Sunday, October 4, 2009

Marriage and Society: Why the hot, young pastor at your church won't pick you

You've got to understand what a Christian guy wants in a girl.

Marriage is a religious institution and a social construct: Why the hot, young minister at your church won't pursue and/or marry an overweight coke, a wheelchair bound ginger ale, even if she really is a holy, pure and Proverbs 31 woman.


Most pastors would agree with that statement. What does "social construct" mean? That simply means that the rules, norms, and practices are defined and described by society, time, place and culture.

Many Christians disagree with this idea. To quote a guy from The Daily Jolt, another Christian blog: "Marriage is not a social construct. It is an institution ordained by God, initiated by God and held in sacred esteem by God." Yes, I totally believe that God ordained and designed marriage. I totally believe that it's sacred. Marriage was the first human institution that God ever created. However, marriage is also a social construct.


The fact is, society has a huge influence on rules of marriage. Biblically and otherwise. Let's not kid ourselves. Who we take out on dates, take home to our parents, take to the altar, and take to our (marriage) beds are deeply rooted in our cultural conditioning.
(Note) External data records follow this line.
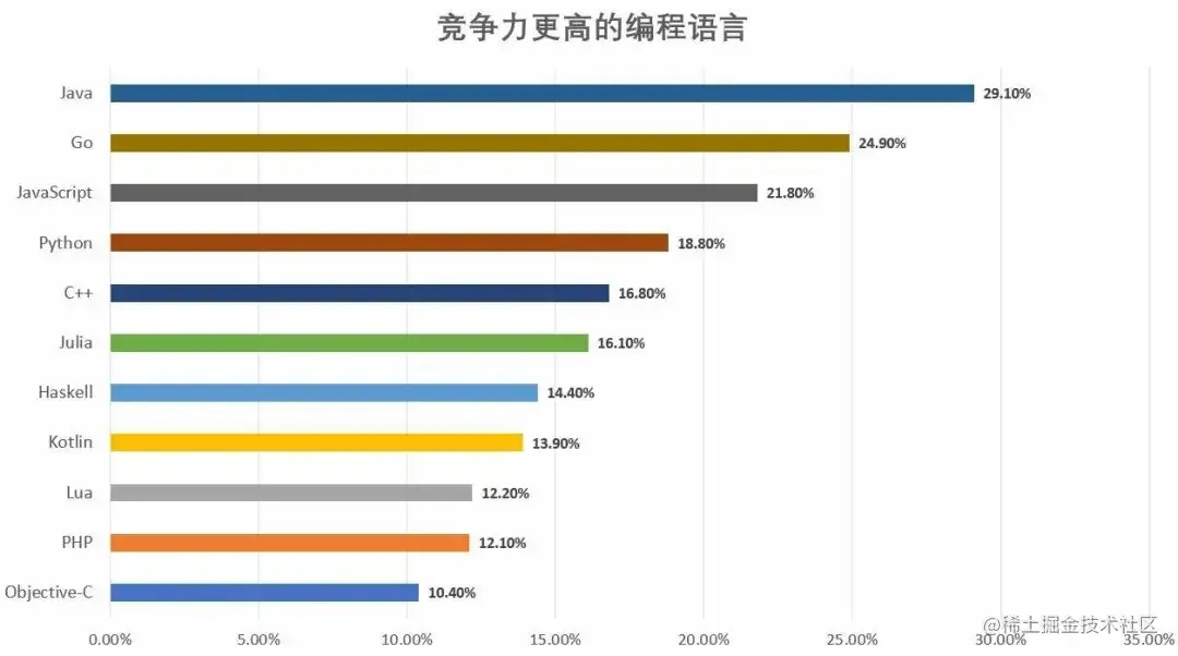 通过投票,我们得到了以下竞争力更高的编程语言数据:
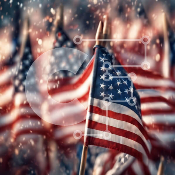 Intra Συλλεκτικό Ξύλινο Παζλ Plywood 4mm – Ομάδα αμερικανικών σημαιών που κυματίζουν στον άνεμο Σε Ξύλινο Κουτί – Διαστάσεις Puzzle: 10×10 cm – 25 κομμάτια
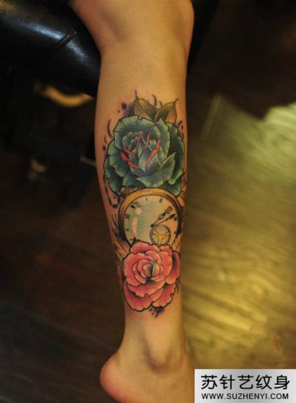 玫瑰时钟腿部纹身_玫瑰花纹身图案大全_纹身图吧
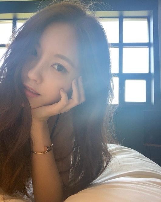 공개된 사진 속 효민은 침대 위에서 셀카를 촬영하는 모습이다.
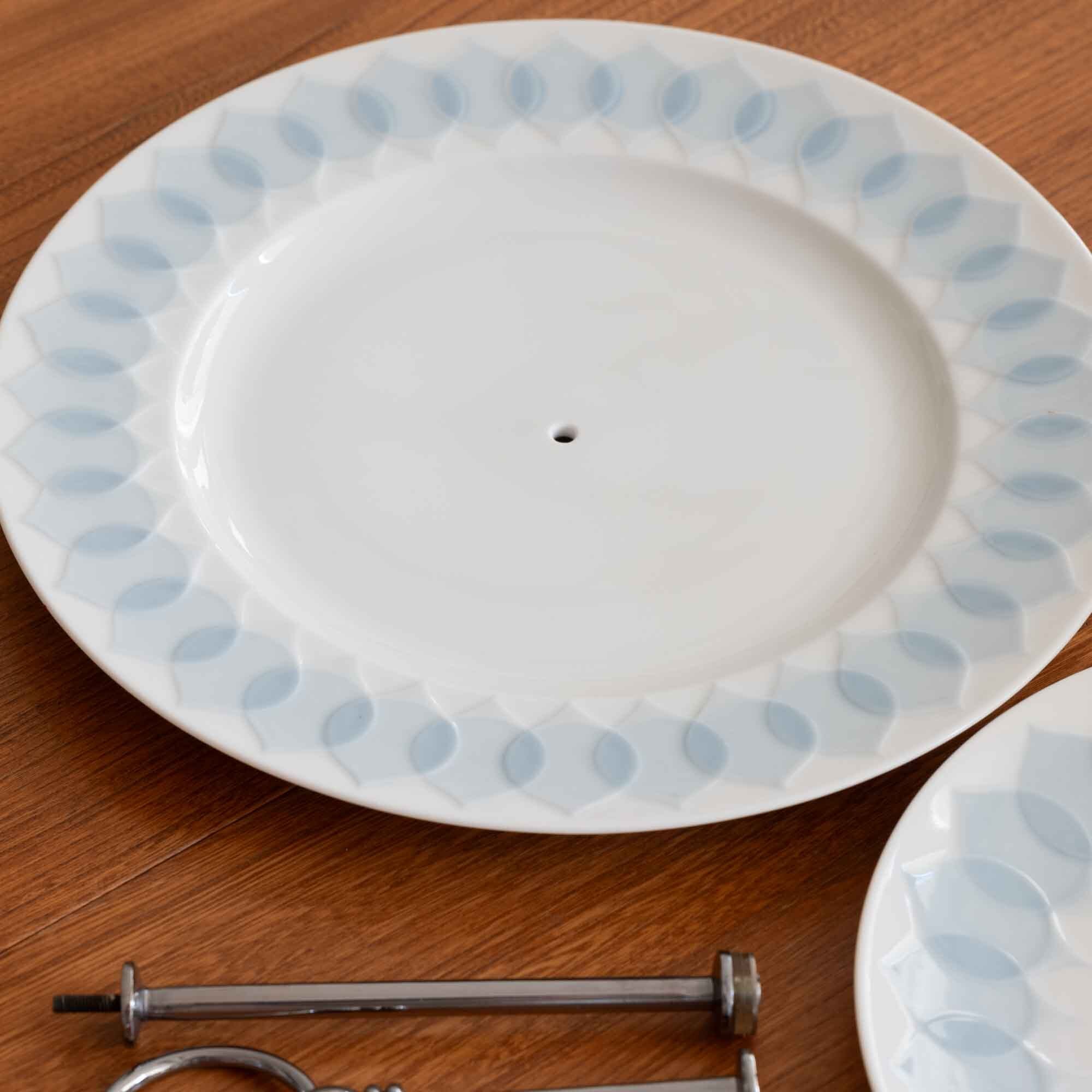 このような商品が販売されていたのではなく、5ミリ径の穴を開ければお好きなお皿でケーキスタンドを作って楽しむことができます。
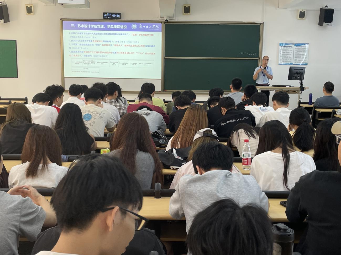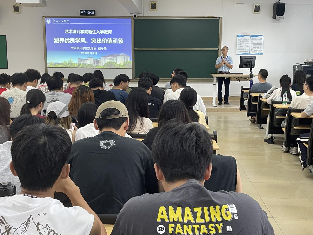 在 “涵养优良学风” 板块,颜书记结合艺术设计专业的学习特点,从三个方面提出要求。一是要树立 “勤学善思” 的学习态度。艺术设计离不开扎实的理论基础与丰富的实践积累,同学们需认真对待每一门课程,主动钻研专业知识,积极参与课堂讨论与课题研究,不断提升自身的专业素养与创新思维。二是要培养 “求真务实” 的学习习惯。他以学院优秀毕业生的案例为例,强调艺术创作需脚踏实地,从生活中汲取灵感,杜绝抄袭、敷衍等不良学习行为,以严谨的态度对待每一次设计作品。三是要营造 “互助共进” 的学习氛围。鼓励新生们组建学习小组,分享学习心得与设计经验,在交流合作中共同进步,形成比学赶超的良好学风。
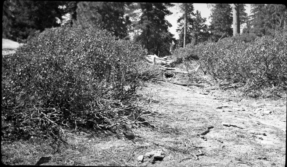 Unknown Photographer, 400000, Giant Forest, SNP, Research Plots, Deer, contrasting abundant growth inside experimental plot with that badly overbrowsed Prunus and Ceanothus on the outside.

Yes, Christian men should be choosing a Proverbs 31 woman. I hear that preached and spoken about all the time. I know a lot of Christian guys are praying for that. But they also have a have a distinct picture of what this Proverbs 31 woman of their dreams looks like. Take a twentysomething pastor. He probably wouldn't dream of pursuing a relationship with a girl who was 100 pounds overweight, no matter how holy, pure, or Proverbs 31 she would be. As I look around churches in the country, and I see young up and coming pastors, they ALWAYS have fit, traditionally pretty wives. Have you noticed that? That all young pastor's wives all kind of look the same? They all look like the prototype AKAs. There are many Christian guys who would never pursue a relationship with coke, iced tea, ginger ale, physically handicapped, or overweight girl, regardless of how holy, pure, and Proverbs 31 she might be.
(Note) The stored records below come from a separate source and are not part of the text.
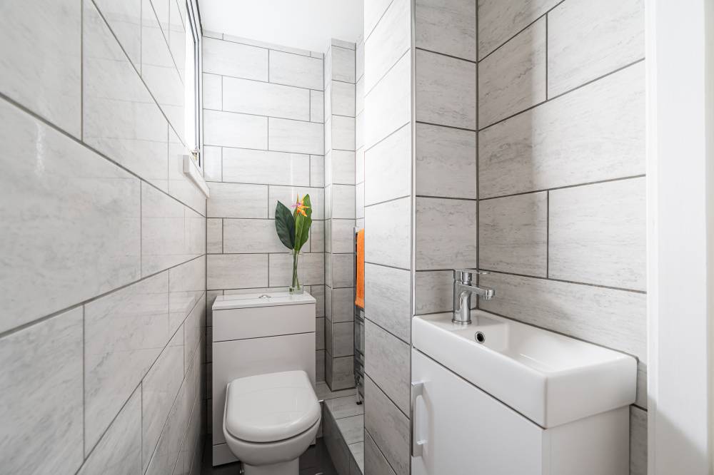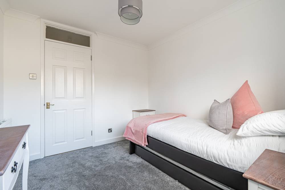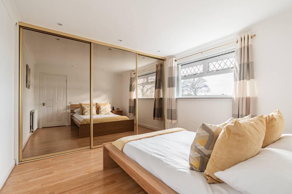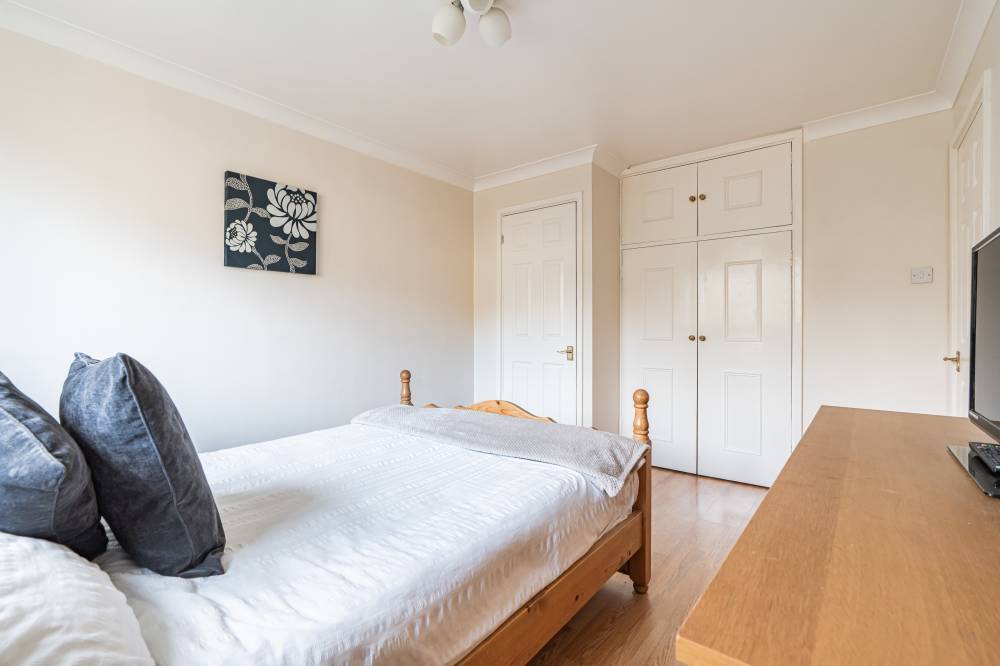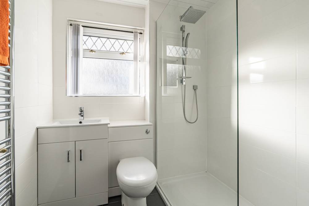 The upper landing features a large storage cupboard and leads to three well-appointed bedrooms. The front-facing principal bedroom is a generous double with wall-to-wall mirrored wardrobes. The second double benefits from a rear aspect, a shelved cupboard, and an integrated wardrobe. Bedroom three is a large single, ideal as a child’s room or optional home office. The fully tiled shower room completes the accommodation, with a walk-in rainfall shower, tiled floor, and heated towel rail.
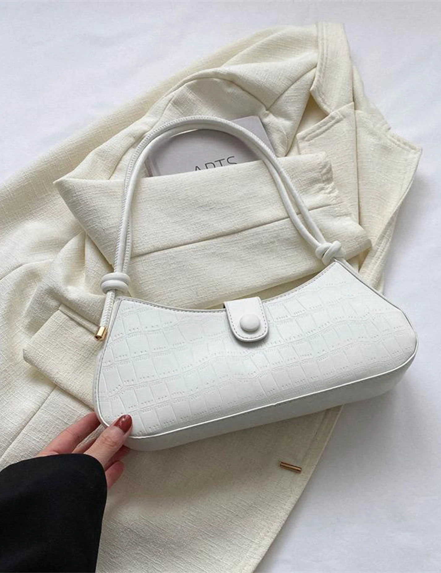 • تصميم ولون أنيقان: تتوفر هذه الحقيبة باللون الأبيض والاسود ، وتتميز بالرقي وتتناسب بسهولة مع أي زي. يضيف نمط الجلد الفريد لمسة من الأناقة العصرية، مما يجعلها إكسسوارًا مميزًا.
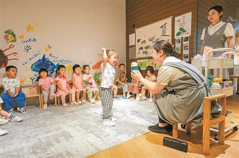 ▲福田区深业幸福家碧海红树创新托育园主题互动课,孩子与老师快乐互动。深圳晚报记者 严文婷 摄 【记者体验】孩子的欢乐从入园就开始 为切实了解托育服务情况,深晚记者来到深业幸福家碧海红树创新托育园,体验了一日托育流程。早上8时开始,就陆续有家长送孩子入园,托育园的老师除了给孩子进行晨检,还会带着孩子们在室外草坪上进行一段早操运动,利用欢乐的律动和互动,唤醒孩子们活力满满的一天。8时30分是孩子最期待的时刻——享用美味早餐。深晚记者看到,托育食谱里有“无糖酸奶”等适合婴幼儿友好的食物,据托育园的老师介绍,该托育园的食谱是由深圳市妇幼保健院专家根据0到3岁的婴幼儿成长发育特点指导设计的,园区还会配备国家注册营养师,根据不同季节、地域环境特点以及婴幼儿生长发育的情况进行及时调整和更新,确保在园儿童身体发展得到充足营养支持。 吃完早餐的孩子,老师会组织在室外的草地遛遛弯,享受阳光、沙池带来的快乐,还会前往格格屋、读书角等教育空间玩耍一下……“看着园区里的孩子自由成长、快乐成长,是我们老师最大的收获。”深业幸福家托育负责人丁灵芝说。 丁灵芝告诉深晚记者,深业幸福家托育目前已在全市7个区进行布局,建成21个托育项目点,共提供1200多个托位。未来,深业集团将会继续加大托育园的建设,为0到3岁婴幼儿家庭提供高品质托育、科学育儿指导服务,并将作为深圳托育示范性项目,为行业提供人才培养、运营标准化体系、保教体系建设。 【保障有力】专业陪护和教育让家长放心 对于双职工家庭而言,托育无疑是一座省心的桥梁,但机构是否有专业的老师,能为孩子成长提供强有力的保障,更是家长看重的。为加强专业学科建设,深圳采取了一系列举措,成立了深圳市婴幼儿照护服务指导中心,开展托育机构负责人、保健员、保育员等从业人员培训和考核,让托育照护更规范。同时还成立了深圳市托育服务协会,发挥好行业的监督自律作用。 “托育园位置在社区附近,接送非常方便。老师专业细致有亲和力,跟家人一般自然温暖。而且它在深圳有很多家示范园,整体口碑很好,让我很放心。”孩子安安在芽咪·格林婴幼学苑进行托育的家长回忆说。 谈及安安的成长变化,安安家长说:“首先是生活作息的变化,入托大概半个月后,孩子能比较规律地入睡,语言方面也有很大提升,现在会讲好多话。” 芽咪·格林婴幼学苑的龙岗一园是一家扎根于街道,服务于社区的“民办公助”高品质普惠托育园。自2016年3月开园以来,已有300多个孩子从芽咪毕业,是龙岗区首家普惠性托育示范园,在2023年更被评选为“广东省首批示范性托育园”。
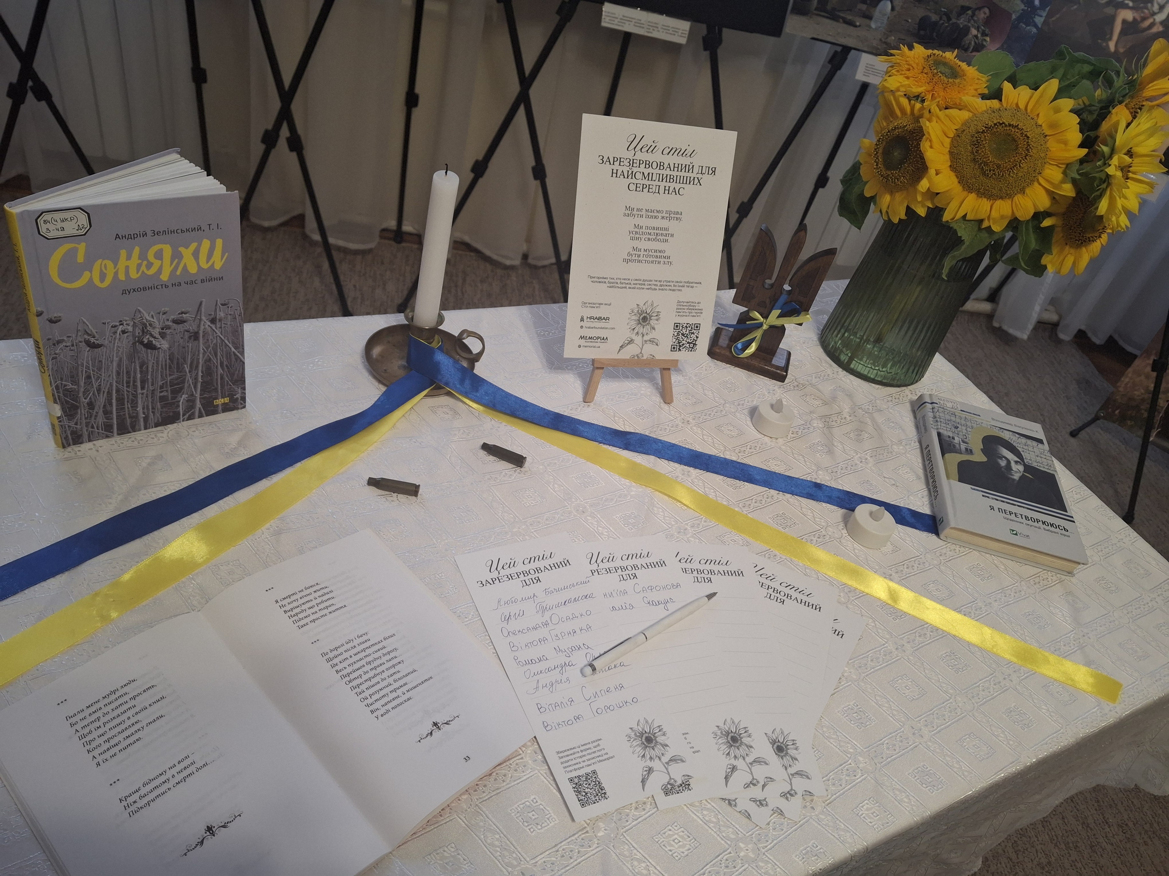 Окрім фотографій, на виставці представлено військову куртку Віктора та прапор із його зображенням від батальйону “Айдар”. Відвідувачі можуть також побачити “стіл пам’яті”, де на картці можна записати ім’я загиблого захисника, щоб таким чином зберігати пам'ять про тих, хто віддав життя за Україну.

Why? Because we choose mates on who we were conditioned to find socially acceptable. Chances are, even if you've grown up in Christian household where you were taught to love all of God's children: tall and short, coke and sprite, slim and large, you probably have a clear list of deal breakers based on how you raised. It's one thing to go to church, or be friends with a certain type of person, but it's an entire different ball game when we talk about being intimate with them, and having children by them. There's a good chance that if you brought a particular type of soda home to your parents, they'd be confused or maybe even disappointed.
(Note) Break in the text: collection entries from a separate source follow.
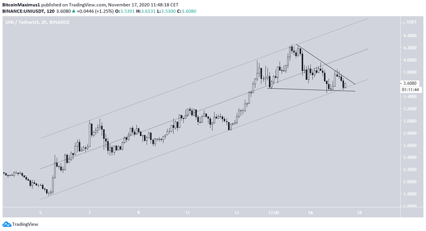 Le trader de cryptomonnaies @PostyXBT a tweeté un graphique de l’UNI, affirmant que tant que la zone de support des 3,60$ se maintient, le cours pourrait monter jusqu’à 4,65$.
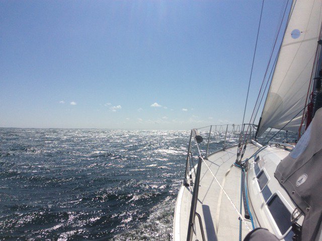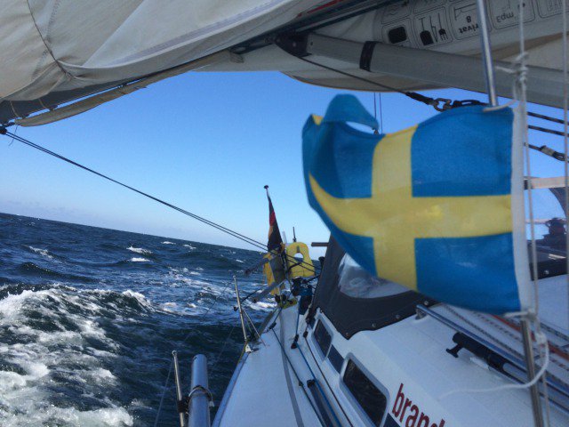 So schön es ist, wir müssen weiter - die Prognosen kündigen max. 8 Kn Wind von achtern - also starten wir am Freitag wiederum um 3:30 Uhr, leider jedoch nur mit der Erkenntnis, dass der Strom über die Nachtstunden ausfiel und die Batterien leer gesaugt sind. Zuleitung reparieren, Wecker auf 5 Uhr verstellen und raus gehts. Den Freitag starten wir gleich im Wachsystem und so erlebt die erste Wache einen wunderschönen Sonnenaufgang an der Ostseite Bornholms. Glücklicherweise haben wir selbst so früh schon 10 Knoten Wind und so läuft es bis ins Bornholmsgatt super. Mit den riesigen Ozean Pötten kommt auch der Leichtwind. Es folgt der einzige Tarnabschnitt von ca. 10 Seemeilen, bei der wir aus Sicherheitsgründen die Motorunterstützung benötigen. Wir schlängeln uns durch die Freitags-Rush-Hour des Verkehrstrennungsgebietes zwischen Dänemark und Schweden. Als es verkehrstechnisch ruhiger wurde, ging sofort der Spinnaker hoch. Theoretische ETA lag bei Samstag (!) zwischen 2-3 Uhr. Petrus aber war auf unserer Seite, der Wind nahm zu und wir machten 23 Uhr fest in Klintholm auf der dänischen Insel Moen.
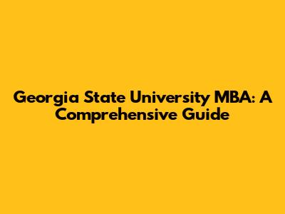 Georgia State MBA: A Comprehensive Guide
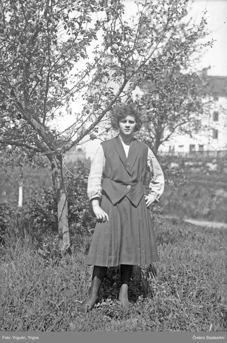 Kvinna i kjol och väst ute i trädgården, 1920-tal

My point is, are these sociological preferences that we have godly? Are they based on the Word? I read this one story on the Net about a Christian guy who would only pursue a large-breasted girl, because that was the "desire of his heart" and since he delighted himself the Lord, he was entitled to the desire of his heart. So he'd eliminate all girls below a D cup as incompatible spouses. And he even had a scripture to back up his nonsense. So he was ONLY looking for a Proverbs 31 woman with big boobs. This isn't godly.

SOLUTION:
is to get around, socialize with guys who are praying for someone who looks like you. At my church, given it's demographic and pattern of fiancee/wife selection, I'm not high on the most desired list. In fact, I'm probably near the bottom. I know this. That's not a diss on them. That doesn't make them bad. This doesn't mean I'm not beautiful, or worthy of love. I so am, thankyouverymuch. The guys I'm around at church (I'm guessing)just don't think so. God gave me legs, so I made an effort to GO and socialize with guys who just might find me attractive.





1 comment:

Anonymous said...

I’m proud of you. It's a step in the right direction. The natural structure of any large organized group lends the most favor to the highest on the pyramid. The CEO will preach about cutting costs while awarding his board bonuses. The structure of the church can be the same way. It’s human nature. At some point we have to analyze weather our own agendas are factored into the direction of the group we belong to. All is well for its leaders because their needs are being served while preaching the word. It’s easy for the Sprite Zeros to preach about a restricted pool of mates because they are big fishes in the very small pond they and their potential suitors help create. No one will sleep a minute less worrying about the challenges you personally meet as a minority member. You’re role by default will have been to stay on this path as support staff for those the institution was built to promote. As an outsider, it was always difficult to integrate with my old church, knowing that not only was I a minority but I would be treated different because of cultural differences that are part of our basic Operating Systems. I was very open minded at first but then quickly realized that real life rules applied to even the most Godly of institutions.
I think you will have no problem finding Love, and Marriage in God’s grace. I don’t think you should automatically rule out a man because he is not a devout Christian. There are those waiting for the right woman to nudge them into completely giving their life to Christ. I know because I was one of those guys ;-).You are Pretty, smart and talented and the right man will, without doubt, walk along side you to Gods footsteps.